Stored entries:
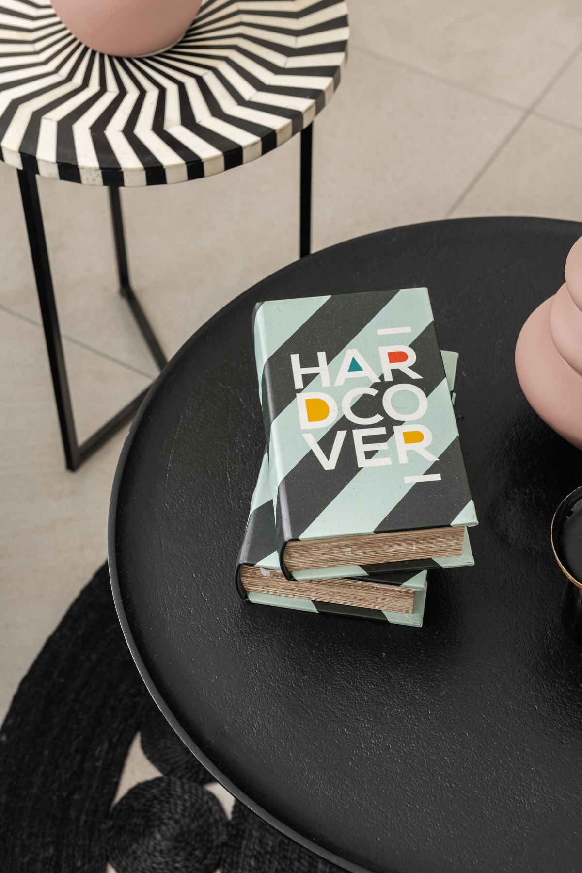 שולחן מגזינים בשילוב של פלטת עץ ורגל יצוקה מתכת- המשמש כשולחן צד לספה.
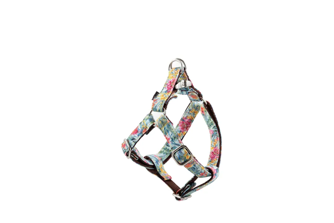 濃淡のあるグリーンの首輪は、夏のマストアイテムのひとつです。 トロピカルなプリントにピンクや黄色の花を添えて、チルスタイルの完成です。この商品は環境保護に貢献するためにリサイクル素材を使用しています。バルセロナの自社工房でデザインされ、地元のサプライヤーとともにハンドメイドされており、カーボンフットプリントの削減を実現しています。 ? 素材裏地:ポリエステル100%リボン(エコテックス認証)表地:リサイクルポリエステル94%、スパンデックス6%バックル:特許取得のアルミニウム製サイドリリース
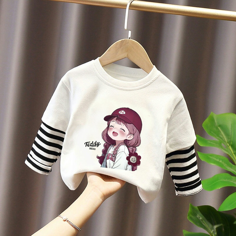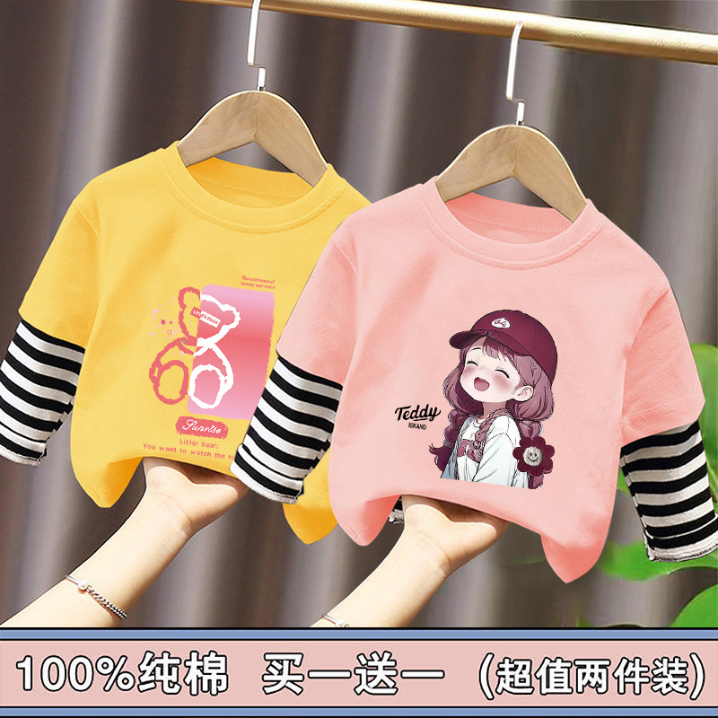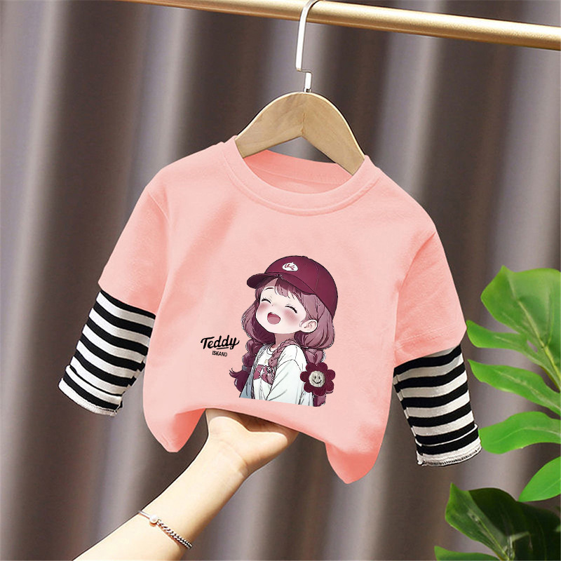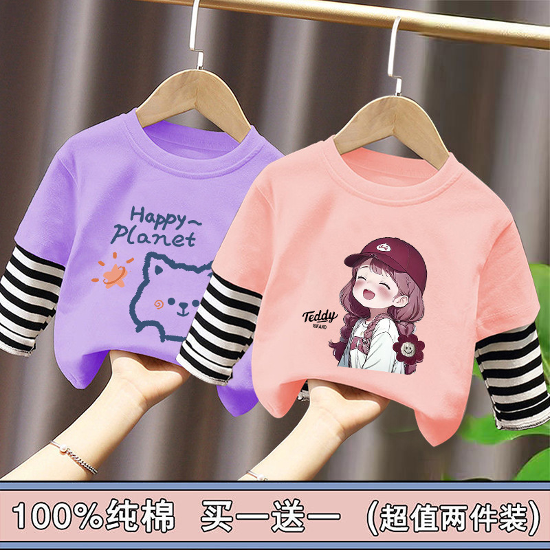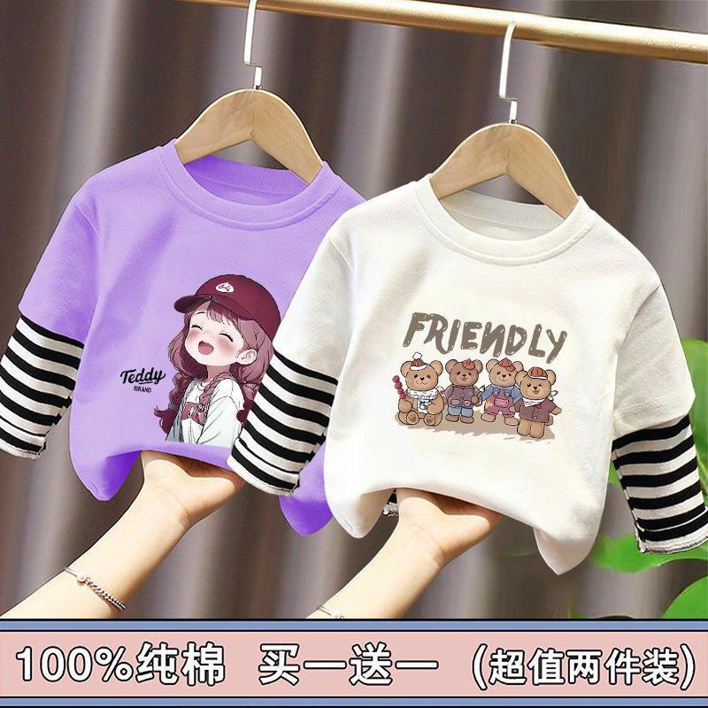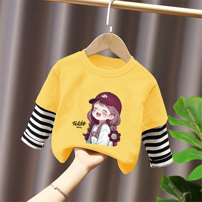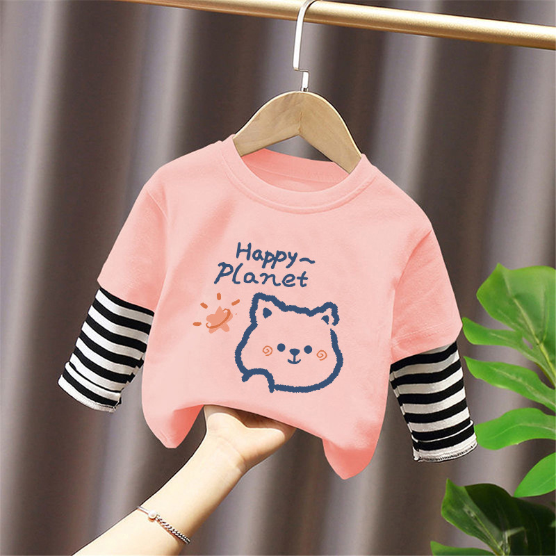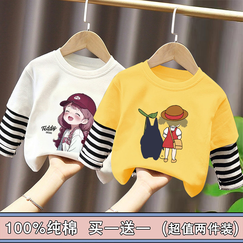 Spring and Autumn New Style 100% Cotton Girls' Fake Two-Piece Long-Sleeved T-Shirts Children's Cartoon Cute Printed Contrast Color Tops for Women
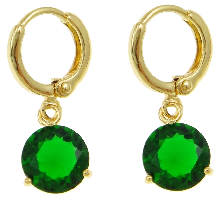 Dangle earrings in 18K gold overlay with a Tiffany-set, open back 7mm CZ stone. A bit of glam and sophistication.
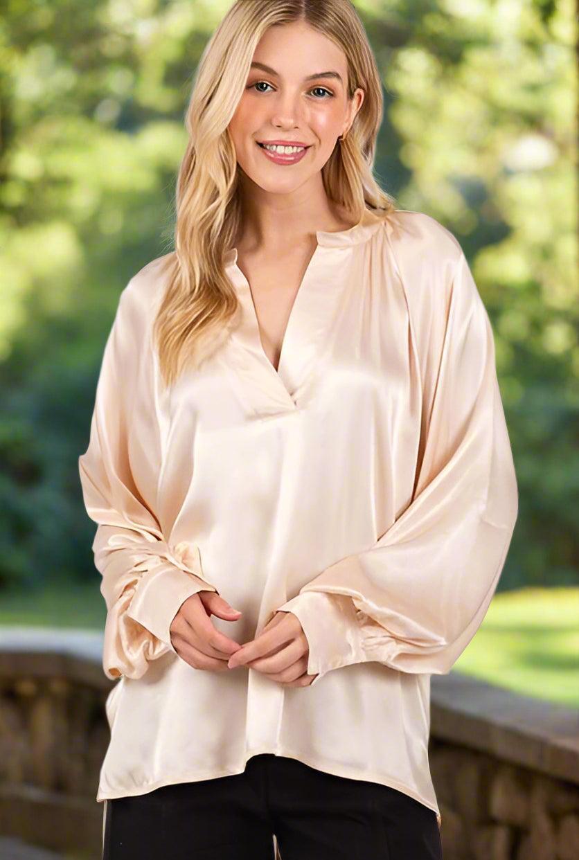 This viscose popover blouse features raglan long sleeves and a versatile design that can be dressed up or down. Its classic split neckline adds a touch of elegance to the relaxed fit, making it a perfect option for both casual and more formal occasions.
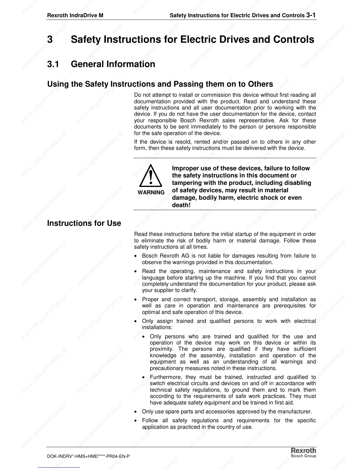 Rexroth IndraDrive M Safety Instructions for Electric Drives and Controls 3-1
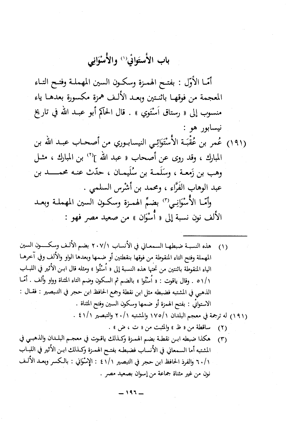 191 - عمر بن عقبَة الأستوائي النَّيْسَابُورِي من أَصْحَاب عبد الله بن الْمُبَارك وَقد روى عَن أَصْحَاب عبد الله بن الْمُبَارك مثل وهب بن زَمعَة وَسَلَمَة بن سُلَيْمَان حدث عَنهُ مُحَمَّد بن عبد الْوَهَّاب الْفراء وَمُحَمّد بن أَشْرَس السّلمِيّ
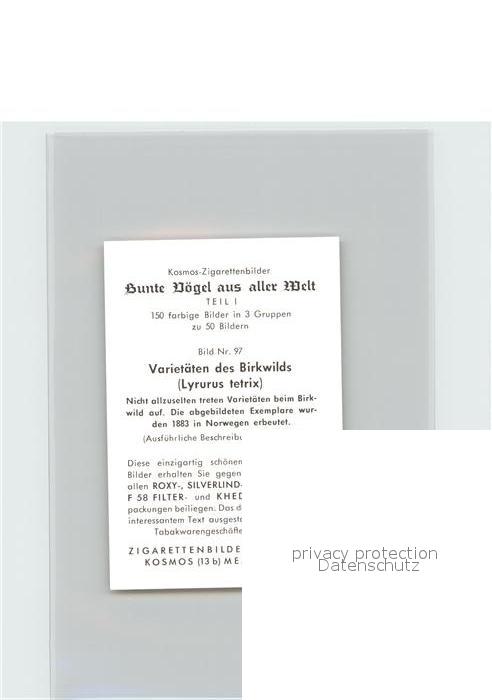 72144473 Voegel Birds Oiseaux Uccelli Pajaros– Varietaeten des Birkwilds Kosmos-Zigarettenbilder Bild Nr. 97 postalisch nicht gelaufen Keine Postkarte (siehe scan) Erhaltung siehe scans Keine Postkarte (siehe scan) Paol Katcode 22540000003500
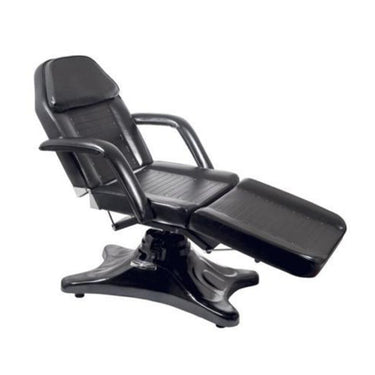 Skylar Hydraulic Facial Bed / Black. This nicely designed facial bed features comfortable thick foam foot, seat and back rest cushions. The cushions are upholstered with an easy-to-keep-clean and comfortable white PVC vinyl material for years of durability. The bed features a face cut-out pillow and fully removable armrests (without screws or nuts). With adjustable head, back and leg rests, the back of the chair is adjustable upward for customer comfort, and the footrest is adjustable downward. Features also include a heavy duty metal base and hydraulic pump, and the bed swivels 360 degrees. This is truly a very versatile facial table and is ideal for facials, skin care, massage, tattooing, or body piercing.

Work item:
What is needed is an exact copy of the lines from the beginning of the data through the line containing "Rexroth IndraDrive M", both included, without any pictures.

Solution below:
 שולחן מגזינים בשילוב של פלטת עץ ורגל יצוקה מתכת- המשמש כשולחן צד לספה.
 濃淡のあるグリーンの首輪は、夏のマストアイテムのひとつです。 トロピカルなプリントにピンクや黄色の花を添えて、チルスタイルの完成です。この商品は環境保護に貢献するためにリサイクル素材を使用しています。バルセロナの自社工房でデザインされ、地元のサプライヤーとともにハンドメイドされており、カーボンフットプリントの削減を実現しています。 ? 素材裏地:ポリエステル100%リボン(エコテックス認証)表地:リサイクルポリエステル94%、スパンデックス6%バックル:特許取得のアルミニウム製サイドリリース
 Spring and Autumn New Style 100% Cotton Girls' Fake Two-Piece Long-Sleeved T-Shirts Children's Cartoon Cute Printed Contrast Color Tops for Women
 Dangle earrings in 18K gold overlay with a Tiffany-set, open back 7mm CZ stone. A bit of glam and sophistication.
 This viscose popover blouse features raglan long sleeves and a versatile design that can be dressed up or down. Its classic split neckline adds a touch of elegance to the relaxed fit, making it a perfect option for both casual and more formal occasions.
 Rexroth IndraDrive M Safety Instructions for Electric Drives and Controls 3-1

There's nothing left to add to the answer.